The Sea of Okhotsk is not a place where it would be easy for U.S. fighters to escort our big, slow-moving reconnaissance aircraft, like the RC-135 or the Navy’s P-3/EP-3E or P-8 airframes, none of which is armed for aerial combat.
But we have a constant, augmented presence of U.S. and/or NATO fighters in Poland and the Baltic Republics, which we have maintained since March 2014. And there are no geographic obstacles to using those fighters for protecting our reconnaissance aircraft. From the Baltic Republic airfields, the fighters would be in position almost as soon as they took off. Assuming the U.S. RC-135 was indeed in international air space when the Russian fighter(s) approached it – and we have the Swedish reporting to confirm that, as well as the statement of the U.S. official – we are left with the question whether the RC-135 was on its own on 18 July, and if so, why.
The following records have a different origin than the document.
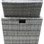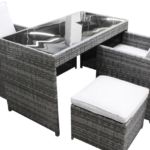 стол + 2 кресла, стол: 1200×620×730 мм, основание - искусственный ротанг, столешница - стекло; сиденье: 410×550 мм
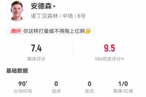 1亿贵吗?安德森本场2解围3拦截4抢断 8长传7成功+15对抗10成功
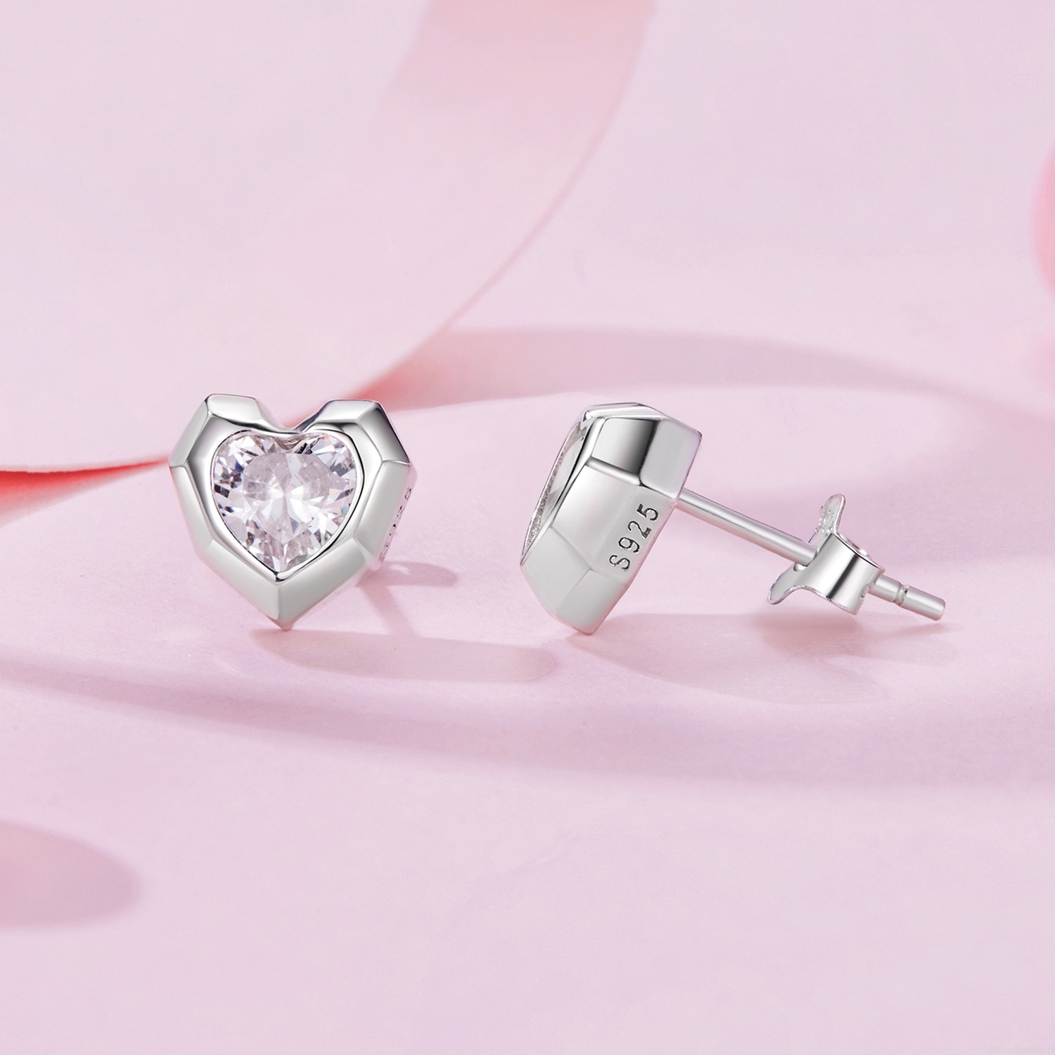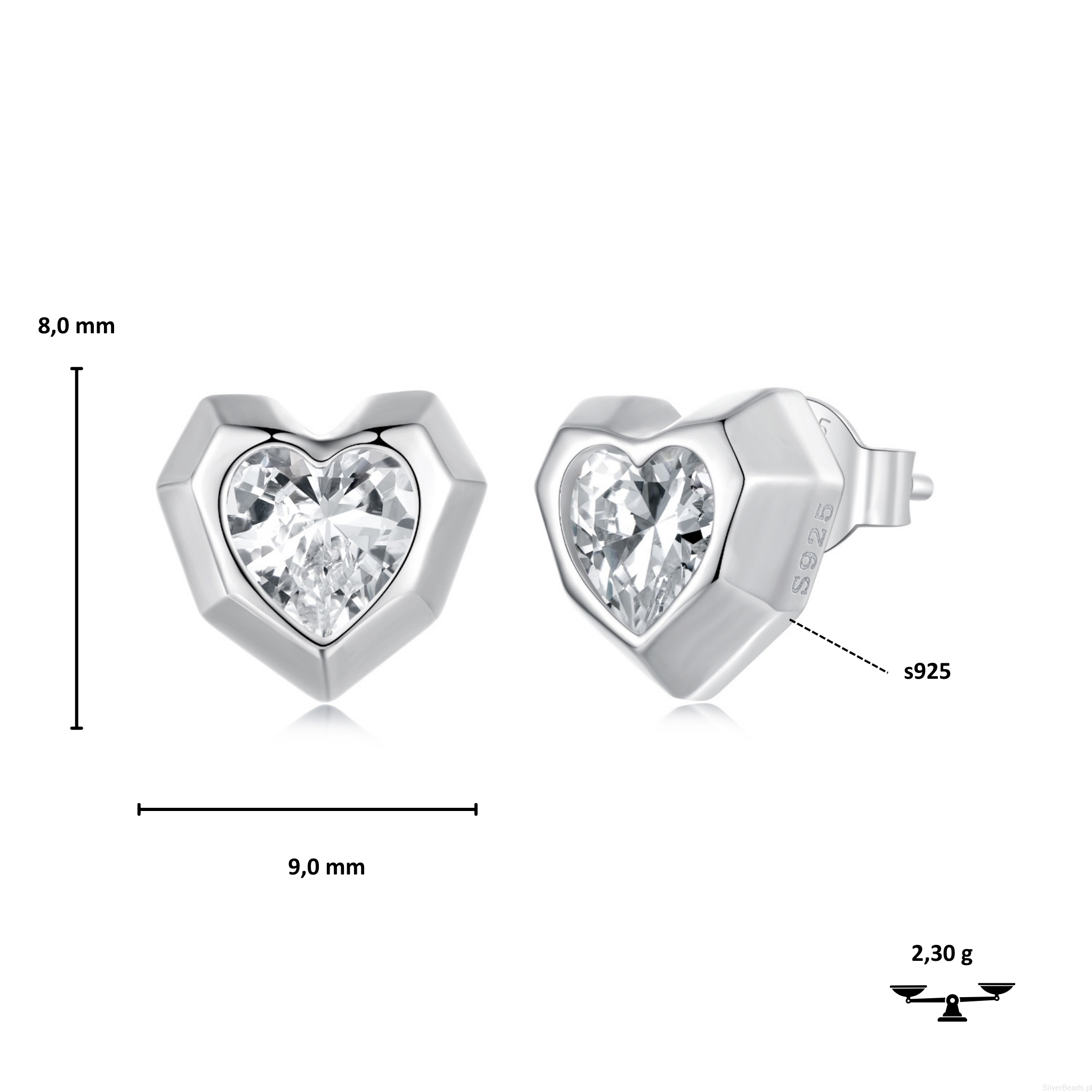 Srebrne kolczyki kryształowe serca sztyfty dla dziewczynki
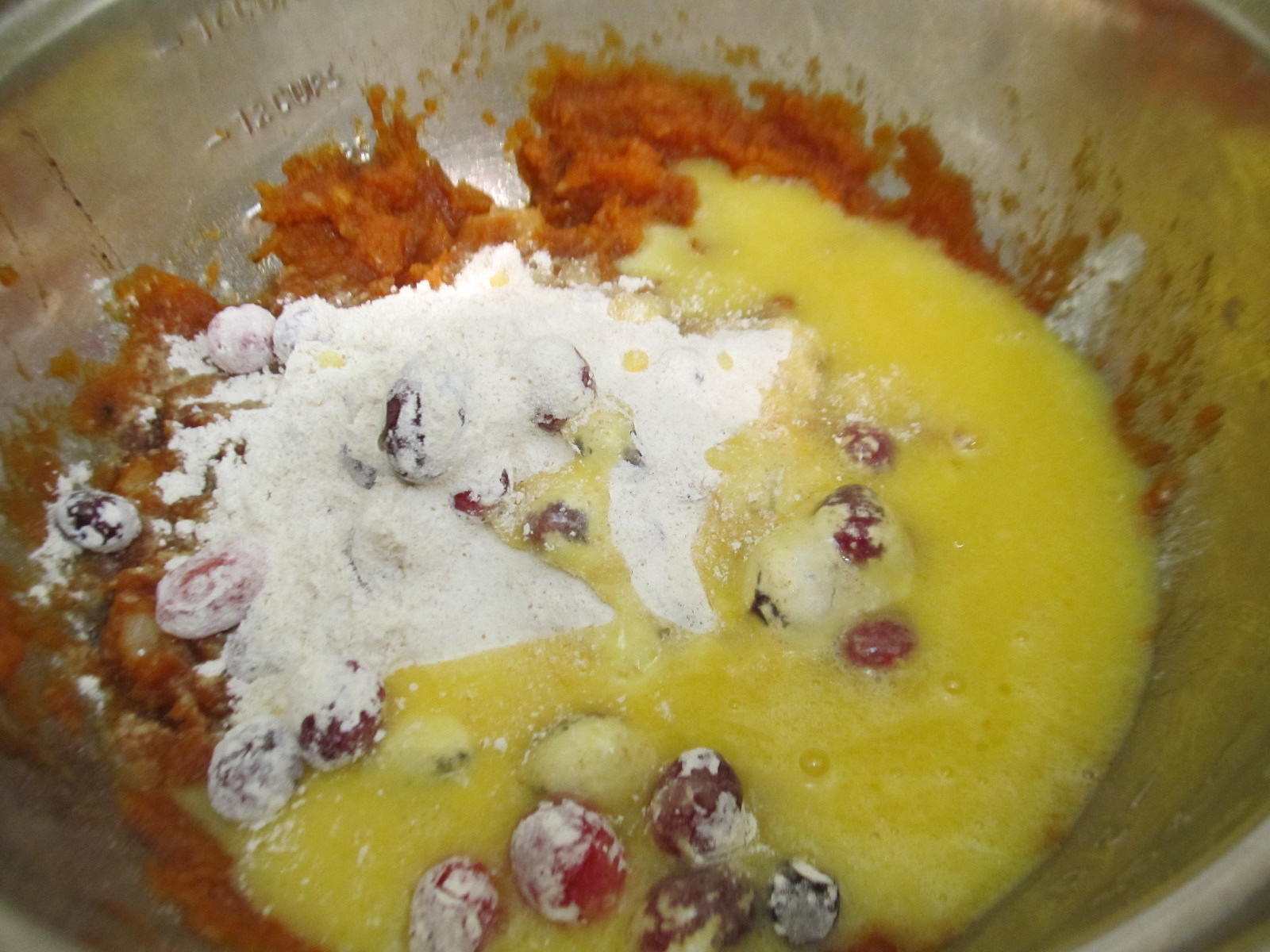 I still have my original dark orange color seventies bundt pan along with a couple newer ones, and an awesome mini heavy duty pan, a 'thrift find'...which I love to bake in. I didn't want to take time browsing for a recipe, so I just used my 'trusted' basic banana bread recipe that I have memorized, modified it, and added the pumpkin and the fresh/frozen cranberries from Whole Foods.
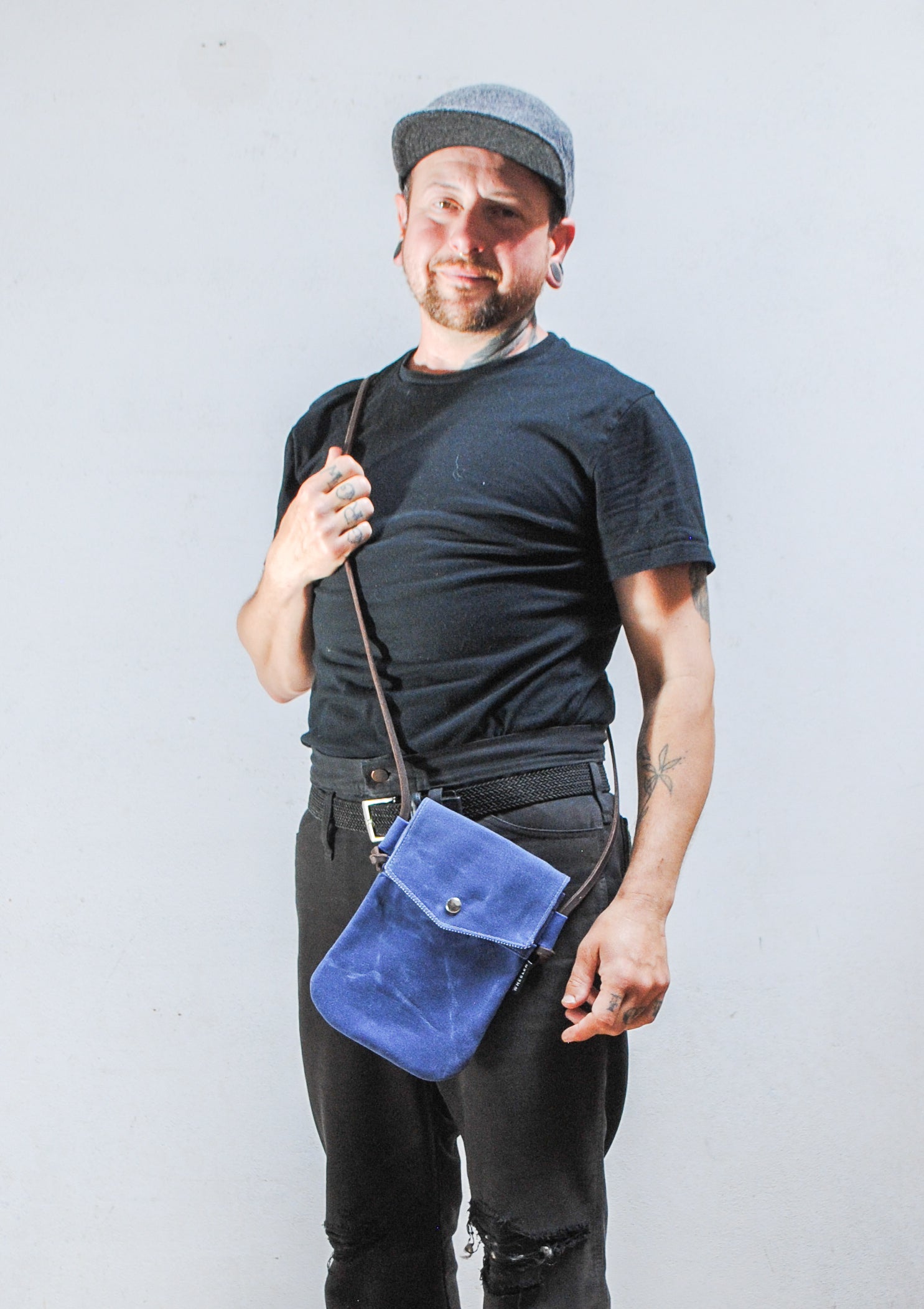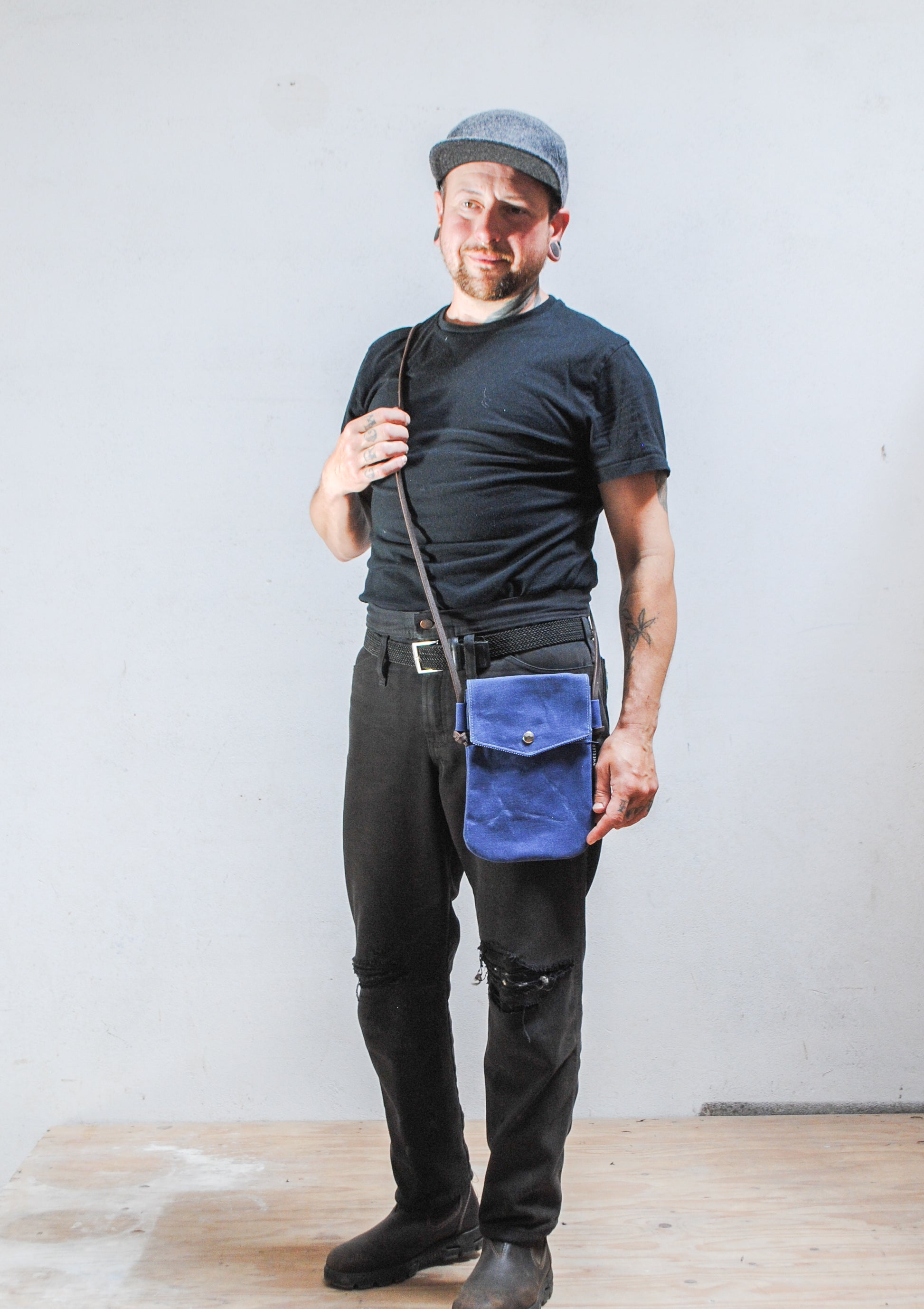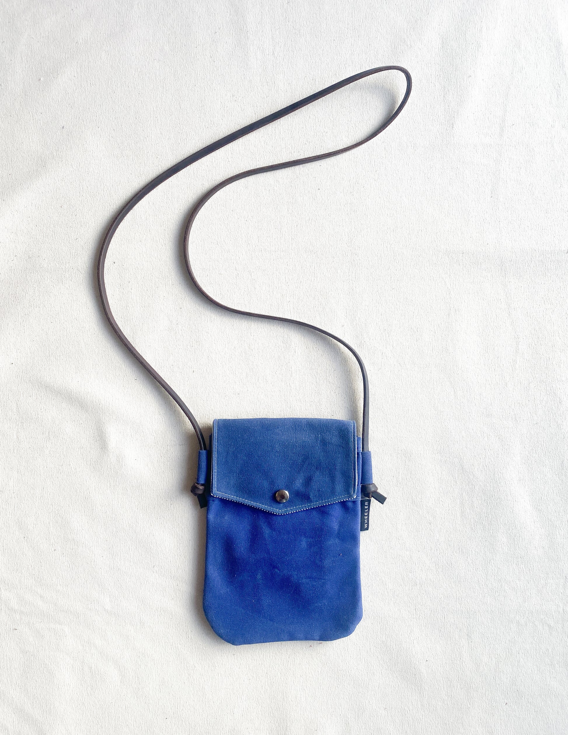 Made with: #10 Waxed Canvas, Railroad denim, Veg-tan Leather, nickel snap.

Who’s running this show? The natural concern about this incident is sharpened by its revelation in U.S. media coincident with the 50th anniversary of the “Gulf of Tonkin incident” of August 1964. In the Gulf of Tonkin, the USS Maddox (DD-731) was on a signals-intelligence collection patrol, in a situation with key similarities to that of the eastern Baltic Sea in July 2014: no official hostilities between the U.S. and any local party, but extreme sensitivity on the part of the intelligence-collection target, and a provocative, but underarmed – and frankly ill-prepared and ill-thought-out – U.S. force posture.
The “DESOTO” intelligence patrols in 1964 were classic Robert S. McNamara. They were a bad idea then, and anything like them remains a bad idea today. There’s a limit to what we can do about Russia’s behavior – but we have full control of ours, and we shouldn’t ever have to see an RC-135 fleeing into another nation’s air space again. Nor should we leave an unstable situation to fester, and potentially back us – as the Gulf of Tonkin incident was long thought to have done – into a level of confrontation we didn’t intend.
Congress has a lot to grapple with right now, but this must take precedence. The 18 July event needs investigation. It’s just more bad news on the national defense front, but if we get these things wrong, none of the rest will matter.